FIG. 10 is a schematic diagram of a system 1000 that includes one or more distinct software modules that performs a method for acquiring an unknown product ion spectrum and marking isotopic product ion peaks from the unknown product ion spectrum for removal before comparing the unknown product ion spectrum with a library product ion spectrum, in accordance with various embodiments. System 1000 includes measurement module 1010 and an analysis module 1020.
Measurement module 1010 receives an unknown product ion mass spectrum from a tandem mass spectrometer. One or more known compounds of a sample are ionized using an ion source, producing an ion beam of precursor ions. The tandem mass spectrometer receives the ion beam from the ion source, selects one or more precursor ions from the ion beam using a precursor ion mass selection window, fragments precursor ions within the precursor ion mass selection window, and mass analyzes the resulting product ions, producing the unknown product ion mass spectrum for the precursor ion mass selection window.

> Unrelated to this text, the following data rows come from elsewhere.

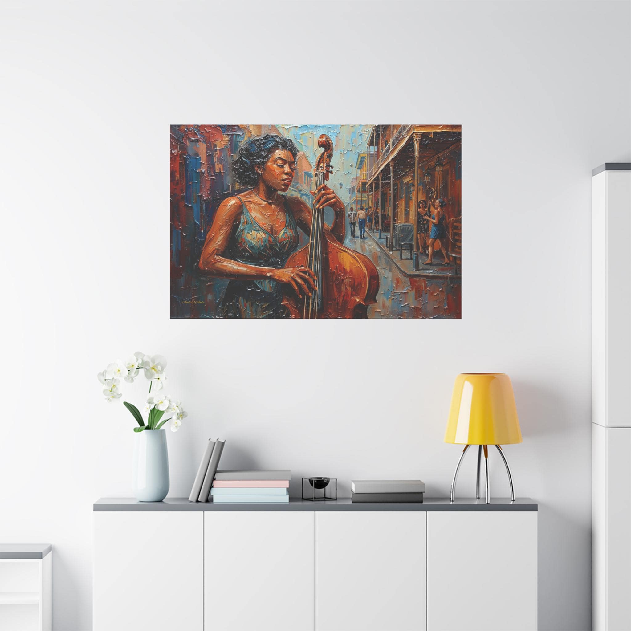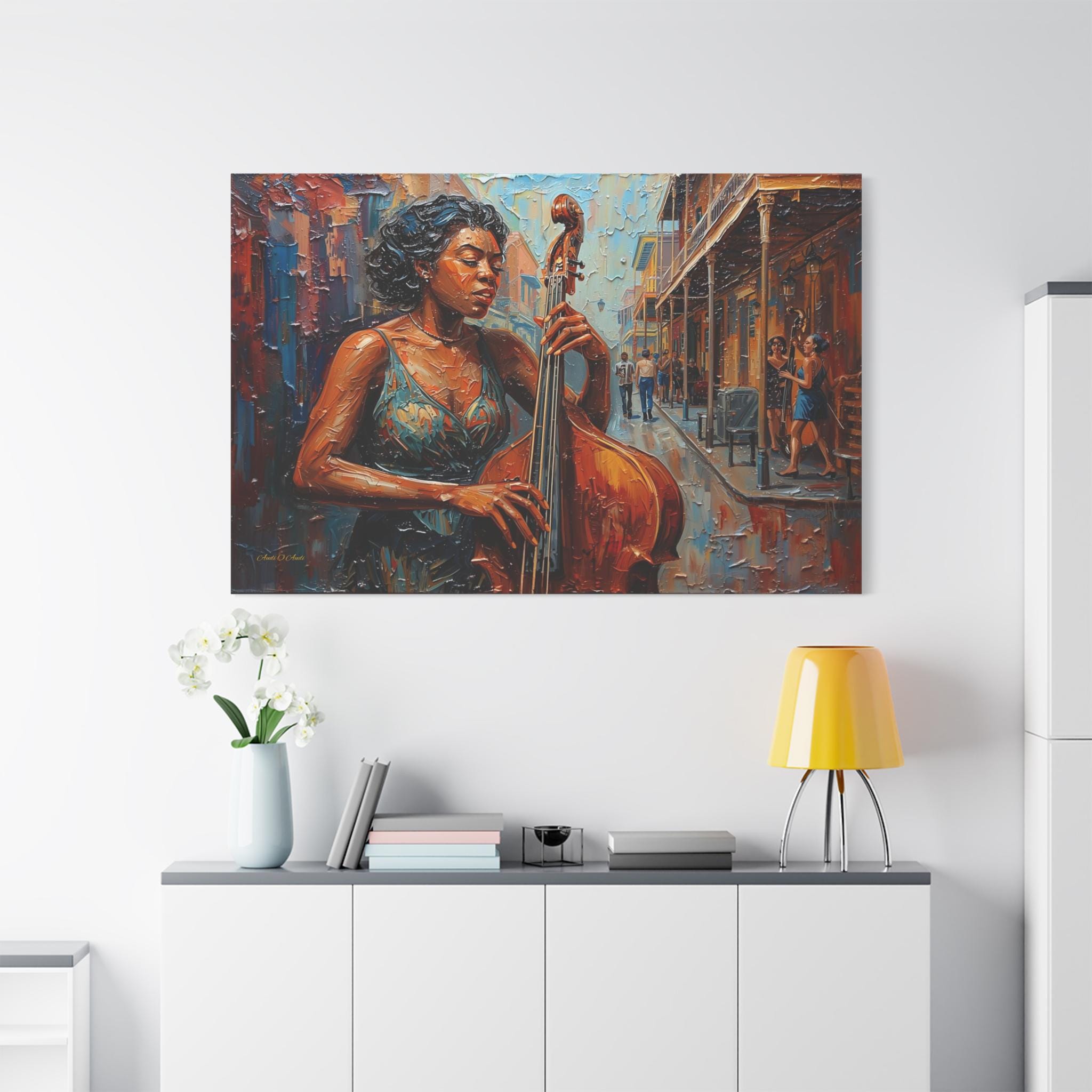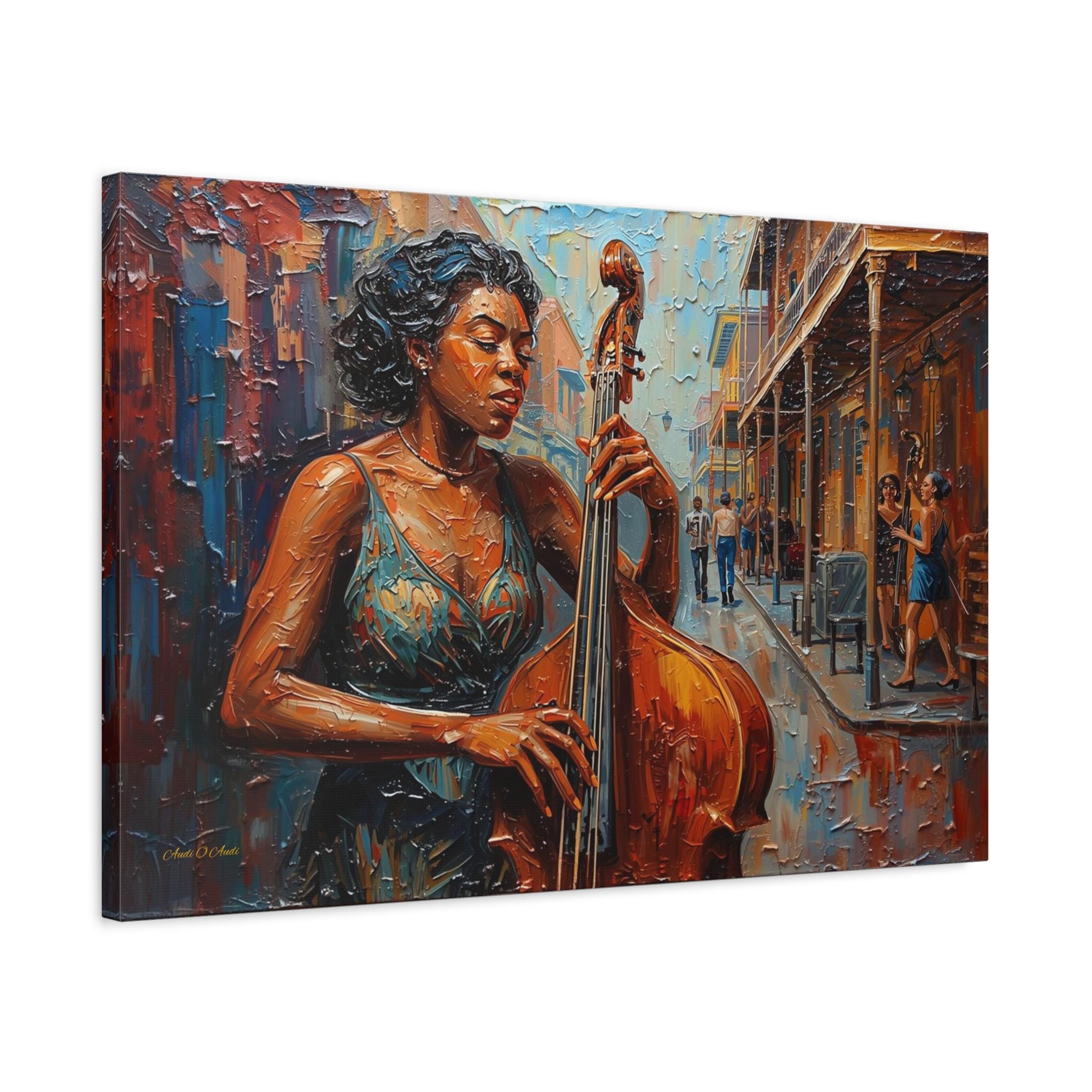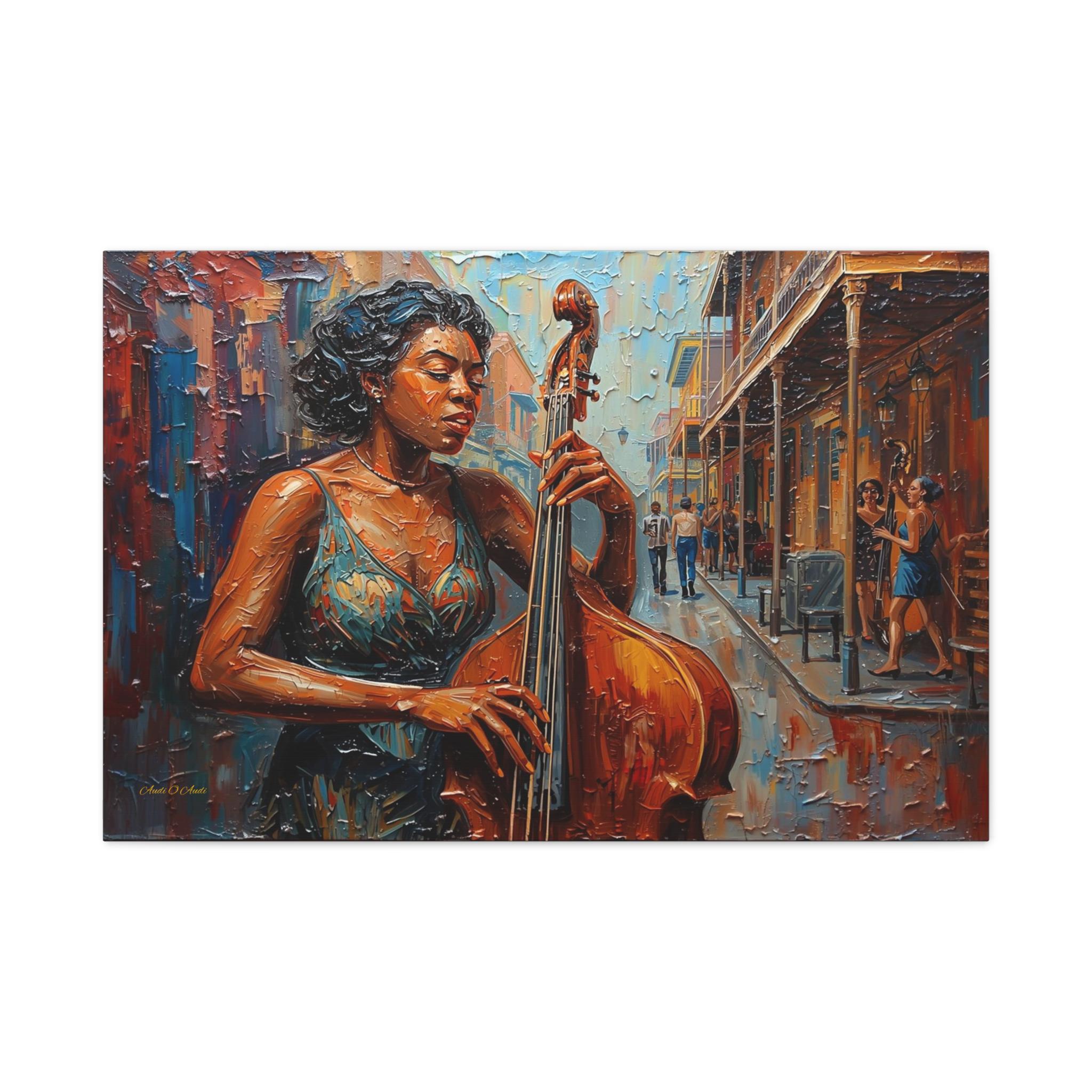 Feel the deep, resonant rhythm of the French Quarter with this elegant canvas print of a female jazz musician. This soulful artwork features a bassist lost in the music, gracefully playing a double bass on a vibrant New Orleans street lined with classic iron balconies.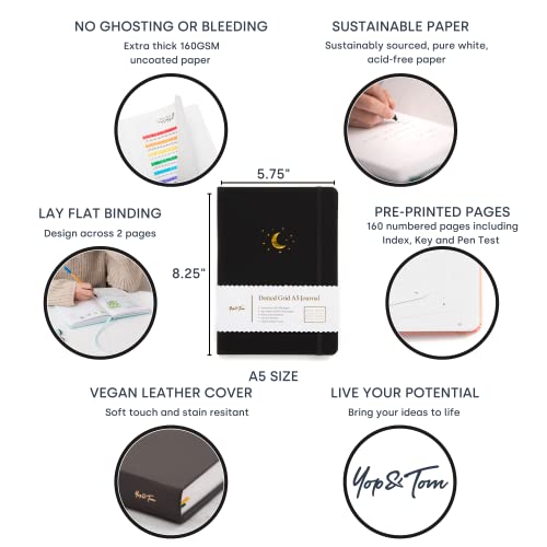 Yop & Tom A5 Bullet Journal – Moon & Stars 160 GSM Paper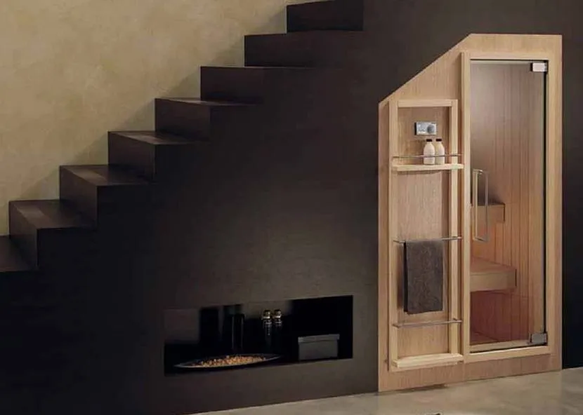 Под лестничным маршем дизайнеры рекомендуют расположить сауну. В небольшую кабину с электрическим обогревом поместится 2-3 человека, рядом устанавливают душ. Невысокие ниши и секции рядом с конструкцией используют для хранения банных принадлежностей, моющих средств и текстиля.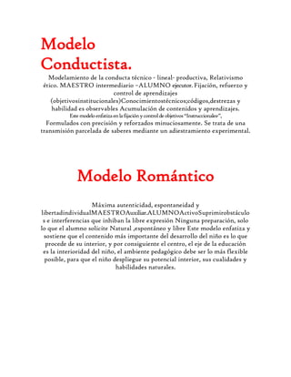 Este documento presenta resúmenes de cuatro modelos educativos: el conductista, el romántico, el desarrollista y el socialista. El modelo conductista se enfoca en la transmisión de conocimientos técnicos a través de objetivos e instrucciones precisos y el refuerzo de aprendizajes. El modelo romántico promueve la espontaneidad, libertad y expresión individual del estudiante. El modelo desarrollista busca que los estudiantes accedan a estructuras cognitivas superiores según su desarrollo biológ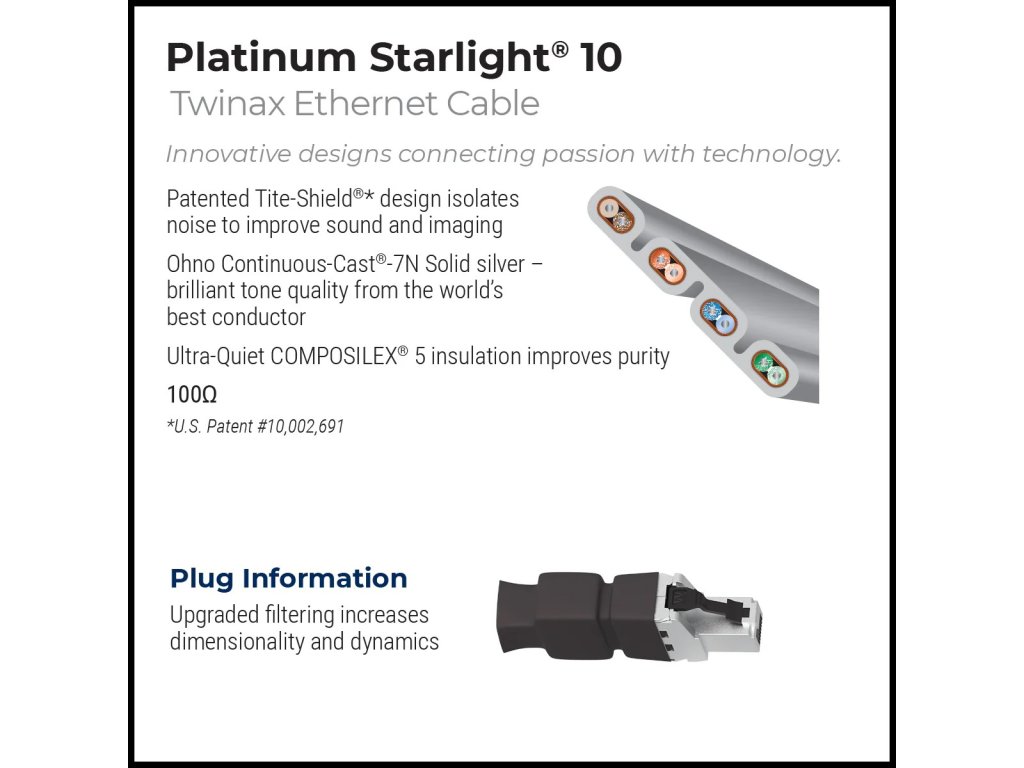 Wireworld Platinum Starlight 10 je náš nejlepší špičkový ethernetový kabel a také nejlepší dostupný. Tento pokročilý 23AWG ethernetový kabel používá stejný patentovaný trojitý stíněný design jako Starlight, ale vodiče jsou upgradovány na OCC-7N Solid Silver, nejvodivější a zvukově nejprůhlednější kov na světě. Zlepšení oproti Starlight je podstatné, prakticky vše zní poutavěji a živěji. Upgrade z Platinum Starlight 8 na Platinum Starlight 10 přináší významné vylepšení, jehož výsledkem je pozoruhodný sluchový zážitek, kde každý zvuk rezonuje s větším soustředěním, hloubkou a živostí.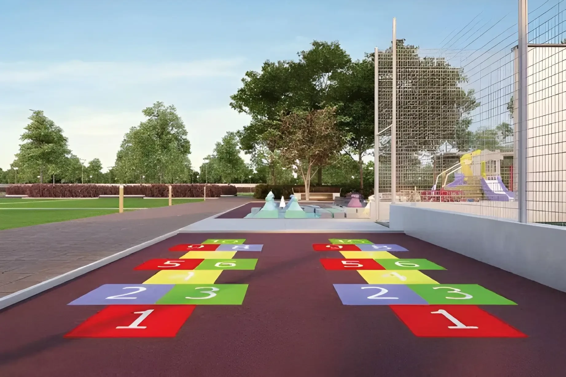 Sports and Fitness: Jogging tracks, outdoor gym, multipurpose court, cricket pitch.

Analysis module 1020 receives the unknown product ion mass spectrum from the tandem mass spectrometer. Analysis module 1020 retrieves from a memory a library product ion mass spectrum for a known compound. Analysis module 1020 determines, for each peak of the unknown product ion mass spectrum, if a following peak of the peak is a non-halogen isotopic peak. If the following peak is a non-halogen isotopic peak, analysis module 1020 determines if the library product ion mass spectrum includes a peak at the same m/z value of the following peak within a threshold tolerance range. If the library product ion mass spectrum does not include a peak at the same m/z value of the following peak within the threshold tolerance range, analysis module 1020 marks the following peak for removal from unknown product ion mass spectrum.
While the present teachings are described in conjunction with various embodiments, it is not intended that the present teachings be limited to such embodiments. On the contrary, the present teachings encompass various alternatives, modifications, and equivalents, as will be appreciated by those of skill in the art.
Note that the terms “mass” and “m/z” are used interchangeably herein. Generally, mass spectrometry measurements are made in m/z and converted to mass by multiplying by charge.
Further, in describing various embodiments, the specification may have presented a method and/or process as a particular sequence of steps. However, to the extent that the method or process does not rely on the particular order of steps set forth herein, the method or process should not be limited to the particular sequence of steps described. As one of ordinary skill in the art would appreciate, other sequences of steps may be possible. Therefore, the particular order of the steps set forth in the specification should not be construed as limitations on the claims. In addition, the claims directed to the method and/or process should not be limited to the performance of their steps in the order written, and one skilled in the art can readily appreciate that the sequences may be varied and still remain within the spirit and scope of the various embodiments.